Despite being touted in the marketplace as miracle pills that can melt away pounds, the medications are no panacea to society's growing obesity epidemic, doctors say, and should only be taken by certain people.
"I think the most important thing that people need to understand is these are definitely not magic pills," said Dr. Raj Padwal, an assistant professor of internal medicine at the University of Alberta and principal author of the review.
Padwal and his colleagues looked at the results of 30 clinical trials of three drugs recommended for obese patients for long-term use — orlistat, sibutramine and rimonabant — and found that they helped people shed on average less than 11 pounds.
"We found that the amount of weight loss on average with these medications ranges between three and five kilograms," Padwal, who specializes in treating hypertension and obesity, said from Edmonton.
Orlistat (Xenical) reduced patients' weight by 6.4 pounds, sibutramine (Meridia) by about nine pounds and rimonabant (Acomplia) by just over 10 pounds in the studies, which each lasted at least a year. Participants had a mean weight of 220 pounds, with a body mass index (BMI) of 35. A BMI of over 30 is considered obese.

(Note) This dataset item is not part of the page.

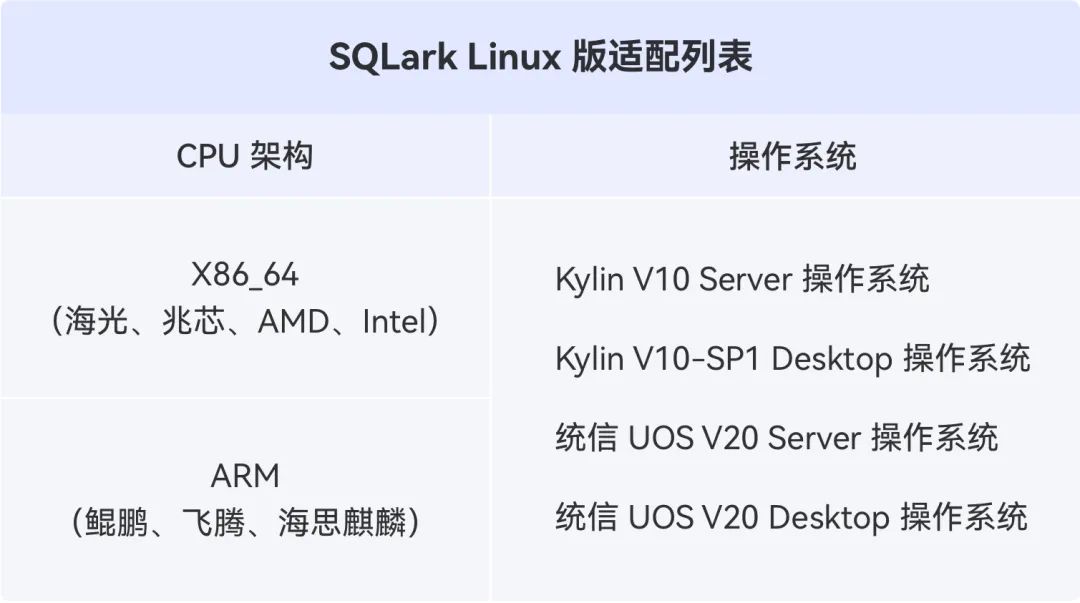 SQLark V3.5 发布 Linux ARM 架构版本。目前 SQLark Linux 版已完成对主流 X86 和 ARM 架构、Kylin V10 和统信 UOS 的适配。

In their analysis published in Friday's issue of the British Medical Journal, the researchers showed that those given one of the drugs were significantly more likely to achieve the minimum weight loss target of five to 10 per cent than those given a dummy pill.
Drugs have side-effects
Although the drugs overall can be beneficial in reducing risk factors for cardiovascular disease and diabetes, they have differing side-effects that in some cases can be detrimental, Padwal pointed out.
For some people, sibutramine can significantly boost blood pressure; rimonabant — which is commonly prescribed in the U.K. and some European countries but not approved in Canada or the United States — can elevate the risk of mood disorders such as depression.

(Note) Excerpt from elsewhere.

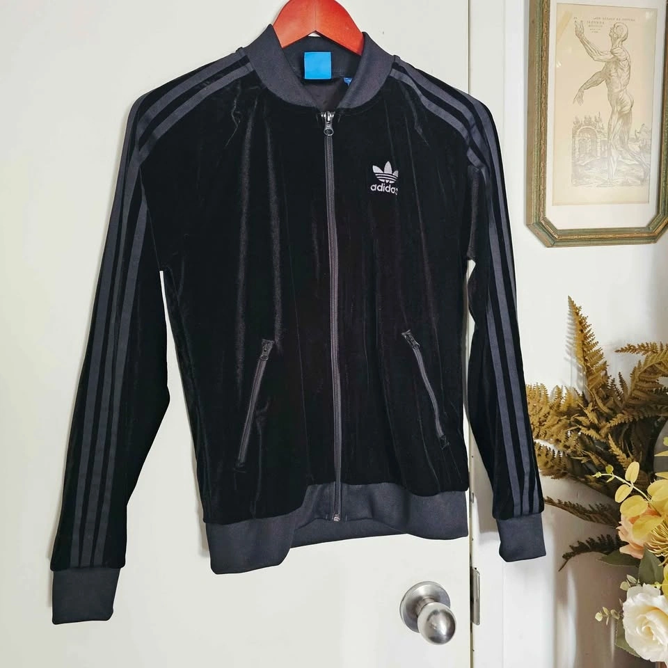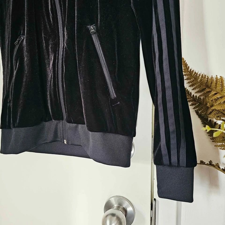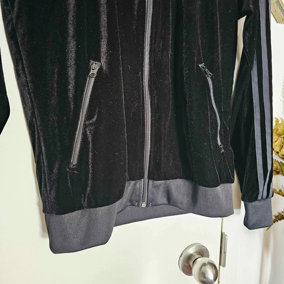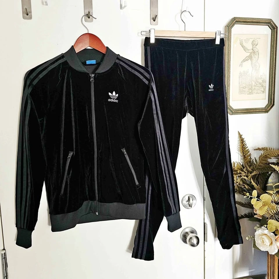 Adidas Black Velvet Velour Tracksuit Set - Size Small

Padwal said getting patients to stick with any of the three weight-loss drugs long-term is a challenge.
"There's a large disconnect between what patients want in terms of weight loss and what practitioners desire," he said. "So patients will often want to lose … about 30 to 40 per cent of their initial weight. They want to get down to the weight they were in high school, two to three decades earlier."
"And they're disappointed when they're told that's going to be difficult to achieve."
Cost is also a major factor: orlistat and sibutramine (the only medications approved in Canada) will set patients back $80 to $130 per month, he said.
Patients may also stop taking the drugs because of adverse effects such as gastrointestinal upset, anxiety or headaches.
But one of the biggest reasons patients fail to stick to their weight-loss regime, said Padwal, is the health-care system's failure to provide proper followup for Canadians battling obesity.
"We don't make it easy for individuals to see their practitioner if they want to have a visit regarding lifestyle changes or dietary counselling. And I think if people have to wait one to two hours to get in to see their doctor, it's unrealistic to think patients are going to come to us and wait that long for a medical assessment and counselling."